Collecting and carrying water, burdensome reality for womenAhead of World Water Day (22 March), UN Women highlights the urgent need to reverse the disproportionate burden on women to provide water for their families.
United Nations, New York — Around the world women and girls often trek long distances to get water to meet their families’ basic needs. The time demands are enormous. In sub-Saharan Africa, for example, women and girls spend 40 billion hours a year collecting water, equivalent to a year’s worth of labour by the entire workforce in France.
According to a WHO and UNICEF report, three quarters of households without access to drinking water on their premises task women and girls with the primary responsibility to collect it. This is one of the factors that also prevents many girls from being able to go to school regularly.
At the CSW58 side event “Women and water: multipliers of development”, on 11 March participants voiced their concerns over the heavy burden women continue to carry as the main water suppliers for their families. Participants highlighted challenges faced in gaining access to clean water and sanitation, as called on Member States to take responsibility and provide solutions to the ongoing water and sanitation crisis.
“At UN Women we have been looking at the nexus between water, energy, and food security, as well as the nexus between water and jobs, both of which have a very direct bearing on gender equality and women’s empowerment,” said UN Women Deputy Executive Director Policy and Programme John Hendra in his remarks at the side event.
UN Women and the International Labour Organization (ILO) are partnering to integrate women’s perspectives and voices in the water supply chain and enhance women’s contribution to improving the water supply network. This involves addressing informal and unpaid work and job creation in a comprehensive way. The work is based on experiences captured in three country case studies on gender, access to water, and promotion of decent work in Panama, the Philippines and Senegal – which builds evidence and shows that greater women’s involvement in water resource management has resulted in greater efficiency, effectiveness, sustainability and equity of the service provided and has contributed to greater community resilience.
“Population growth, increasing water use for irrigation and extractive industries, migration and climate change all leave additional pressure on water reserves. Competition between different uses and users of water leave an ever-increasing responsibility of States to provide water and sanitation through competent water and waste management,” said Ms. Schulz, Member of the Committee on the Elimination of Discrimination against Women (CEDAW) at the CSW58 side event. She also stressed that women’s access to water is a human rights issue, and that States have a duty to provide access to drinking water and sanitation without discrimination.
In Kyrgyzstan, the UN Women’s Fund for Gender Equality is also supporting the Central Asian Alliance for Water, an NGO that is working to empower women’s and girls’ access and control of drinking water management in the Southern regions of the country where access and quality of water affect their livelihoods. The programme actively involves rural and young women leaders of Kyrgyz, Tajik and Uzbek ethnic origins in drinking water management, and strengthens their role in Water Committees and local governments. It is doing so through capacity-building, leadership and peer training, gender equality awareness, gender-responsive budgeting and social mobilization.

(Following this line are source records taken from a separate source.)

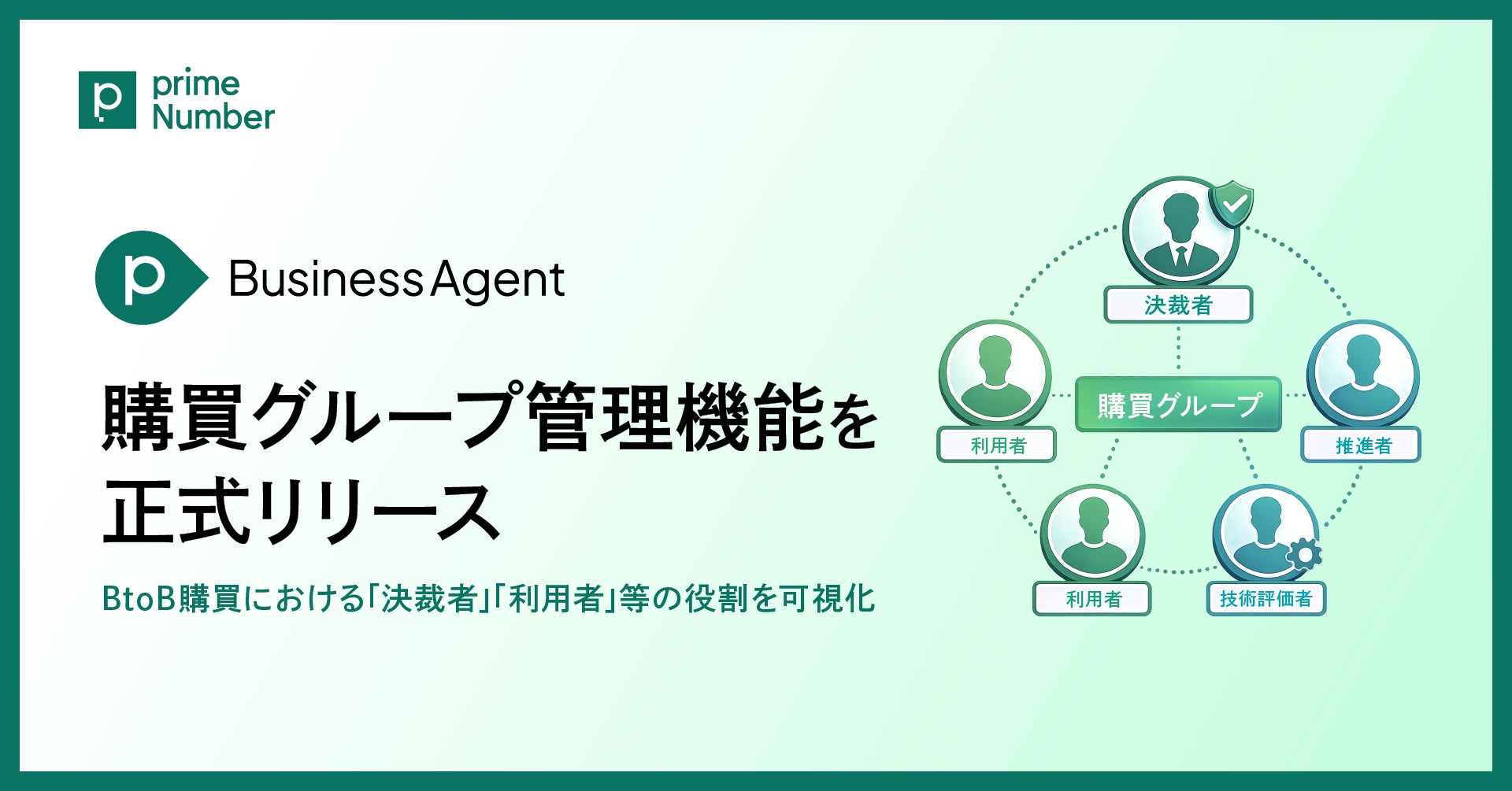 株式会社primeNumber(本社:東京都品川区、代表取締役CEO:田邊 雄樹)は、意思決定支援型AI「primeBusinessAgent」において、AIが行動データから購買関与者を自動でグルーピングし、「決裁者」「利用者」といった個人の役割を可視化する「購買グループ管理」機能を正式リリースします。これによりマーケターや営業は顧客の組織全体の購入意欲を把握した上で「いつ、誰に、どのように」コミュニケーションすべきかを的確に判断し、商談の成功確度を高めることが可能となります。なお、本機能について4月8日から10日に東京ビッグサイトで開催される「Japan IT Week 春 2026」にてご紹介いたします。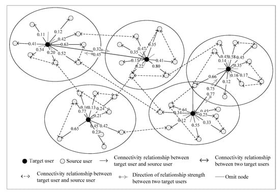 For the measurement about the relationship strength between users, lots of methods were proposed recently, which could be categorized by utilizing the user’s feature information [], topology of networks information [] and interactive information []. The user’s feature information can provide an overview of personal characteristics, including the user’s profile information and the following information. The profile information contains gender, age, education, work experience, hobbies, religious views, etc. The following information involves the public account, topic, field that is followed by users. Luarn and Chiu [] predicted the relationship strength by the similarity of the profile information and interaction data between users, thus distinguished the strong and weak relationships on social network sites. Ju and Tao [] estimated the user’s similarity based on the profile information and the following information of the official accounts that is concerned by users. Then, the similarity, timeliness and interaction were confused to improve the accuracy of the relationship strength calculation to some extent.
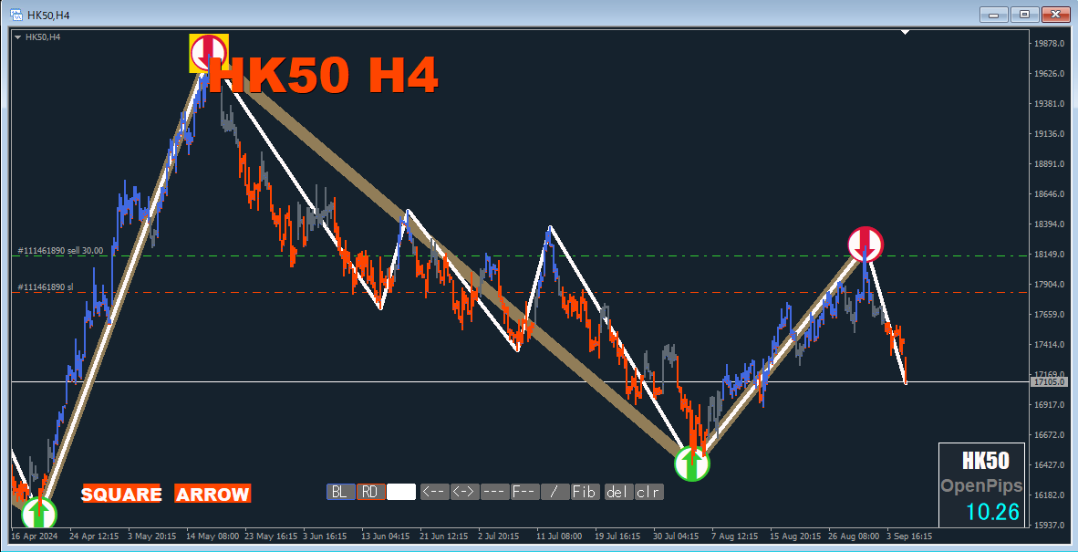 Trade with the 2nd arrow in the direction of the square arrow in H4.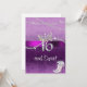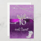 O belo convite dos Dezesseis tem um fundo úmido roxo com fita de cetim roxo bonito, coroa princesa de diamante cintilante, cordas de diamante penduradas, e saltos elegantes e giros altos.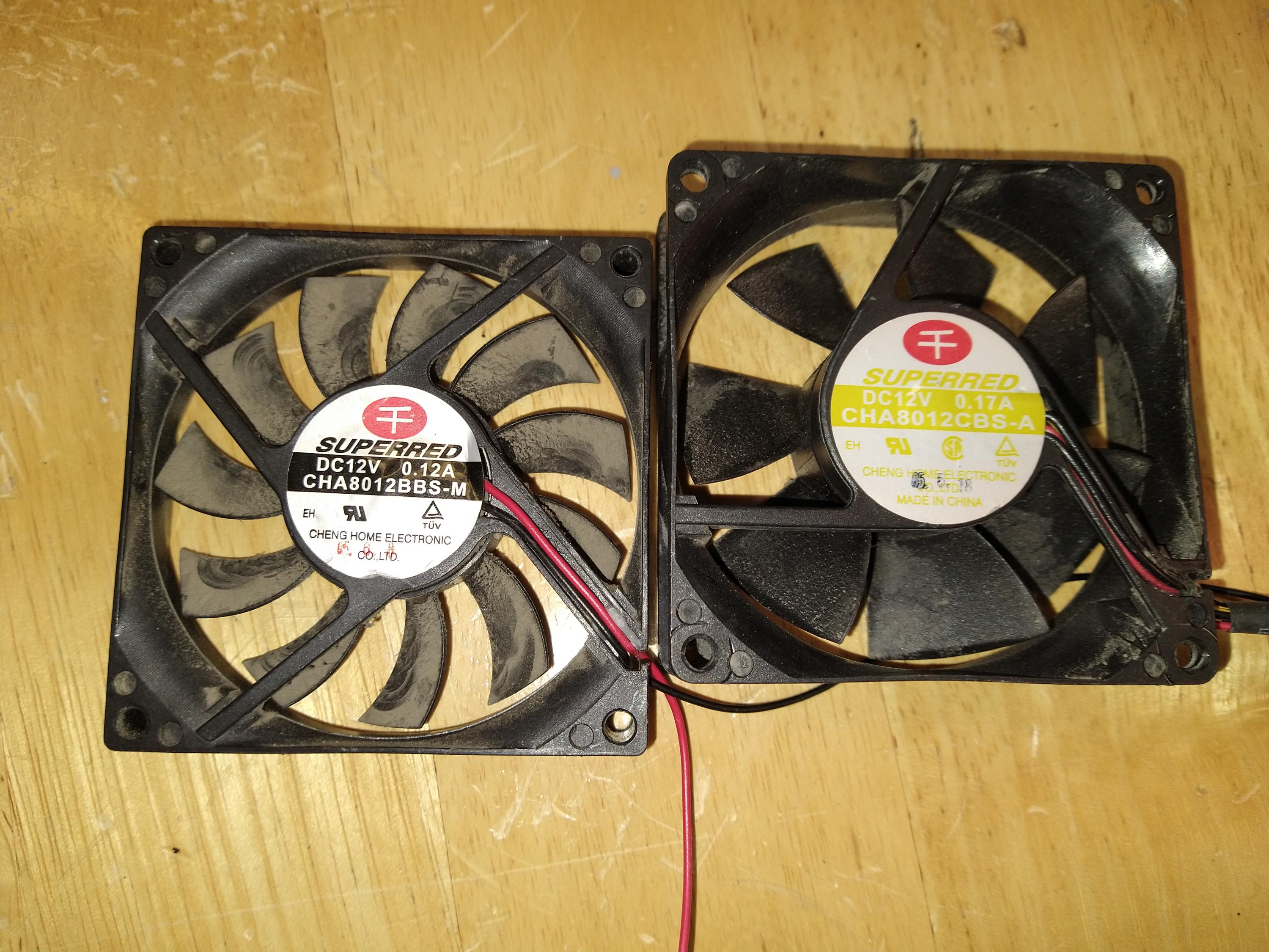 Speaking of the fan, this is it: a Yate Loon D12SH-12, rated for 0.3 Amps @ 12V.

While the MDG target of halving the proportion of people without access to safe drinking water has been achieved, however significantly less progress has been made in addressing the issues preventing women and girls from gaining access to sanitation and clean drinking water. These will need to figure prominently in the future development agenda.
“At UN Women we’re very pleased to see both gender equality and women’s empowerment, and water and sanitation, emerging as key priority areas to be addressed in the post-2015 agenda,” said Mr. Hendra. “There’s also strong support for a dedicated goal on water and sanitation. Such a goal must include gender-sensitive indicators, such as the average weekly time spent in water collection by women and men, boys and girls, and the availability of sanitation in households and in schools, in order to effectively promote achievement of gender equality and women’s empowerment, in particular for the poorest and most vulnerable women.